Les biens et services en premier

 

Par ailleurs, la mise en place de cette contribution se ferait par étapes. D’abord un étiquetage carbone des biens de consommation finale serait introduit. "Cela aiderait les consommateurs à mieux orienter leur consommation pour se décarboner", explique le CNP qui estime que "cela inciterait aussi au développement de la comptabilité carbone notamment par les grandes entreprises afin de défendre que les produits sont moins carbonés avec validation par un organisme certificateur".

La taxe s’appliquerait ensuite dans un premier temps uniquement aux biens et services "pour lesquels il est plus simple de calculer le contenu carbone et leur part dans le panier moyen de consommation par décile, donc essentiellement les biens et services de grande consommation". Dans un second temps, cette contribution pourrait être élargie à certains produits comme les textiles, les cosmétiques, les automobiles, l’électroménager, billets d’avion, etc.
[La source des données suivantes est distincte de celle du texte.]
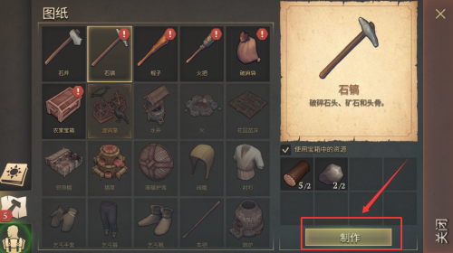 3、在【图纸】界面选择【农家宝箱】制作,它可存放个人物品,提升资源管理能力,最多建造20个。

À noter toutefois que le carburant, le gaz et le fioul seraient exclus pour le moment de cette contribution.

 

138 millions de tonnes de CO2 en moins

 

Pour défendre sa proposition, le CNP se repose sur une simulation faisant état d’une réduction des émissions de 19 % pour un taux de taxe de 100 euros la tonne carbone sur les produits agroalimentaires (et de 25 % pour 150 euros la tonne) avec un taux de taxe médian de 4,8 %. "Dans la mesure où l’alimentation représente 22,5 % de l’empreinte carbone, c’est déjà une contribution conséquente pour l’objectif de baisse de l’empreinte carbone d’ici 2030. Et avec ces taux appliqués aux autres produits finis de grande consommation, en orientant la demande vers des produits moins carbonés, la contribution carbone pourrait contribuer à plus de la moitié de l’objectif de la planification écologique de baisse de 138 millions de tonnes de CO2 d’ici 2030 pour la France, sans pénaliser le pouvoir d’achat ", affirme-t-il.